> **GOAL OF THE EXERCISE**
Whenever a picture appears, leave it out while repeating all the other data exactly.
====== SUPPLIED DATA ======
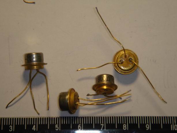 Мы принимаем российские и импортные транзисторы с содержанием драгметаллов на лом, цена определяется с учетом типа и года выпуска деталей. Наиболее дорогими являются радиодетали советского периода. У многих наличие золота можно определить визуально - они могут иметь выводы желтого цвета, также позолоченной может быть нижняя часть корпуса.
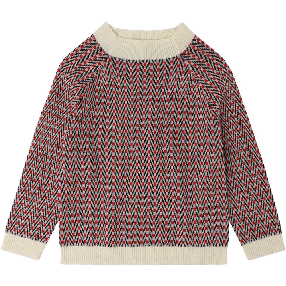 Denne striktrøje i merinould er blød og varm, ideel til leg og daglig brug. Den er slidstærk og nem at rengøre, perfekt til aktive børn.
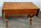 Tavolo scrittoio ad alette intarsiato a motivi geometrici e scacchiere. Due cassetti sottopiano, gambe sagomate con sostegni curvati. Secolo XIX (cm 104x72x54) (difetti)
======
> **ANSWER TO THIS TASK**
 Мы принимаем российские и импортные транзисторы с содержанием драгметаллов на лом, цена определяется с учетом типа и года выпуска деталей. Наиболее дорогими являются радиодетали советского периода. У многих наличие золота можно определить визуально - они могут иметь выводы желтого цвета, также позолоченной может быть нижняя часть корпуса.
 Denne striktrøje i merinould er blød og varm, ideel til leg og daglig brug. Den er slidstærk og nem at rengøre, perfekt til aktive børn.
 Tavolo scrittoio ad alette intarsiato a motivi geometrici e scacchiere. Due cassetti sottopiano, gambe sagomate con sostegni curvati. Secolo XIX (cm 104x72x54) (difetti)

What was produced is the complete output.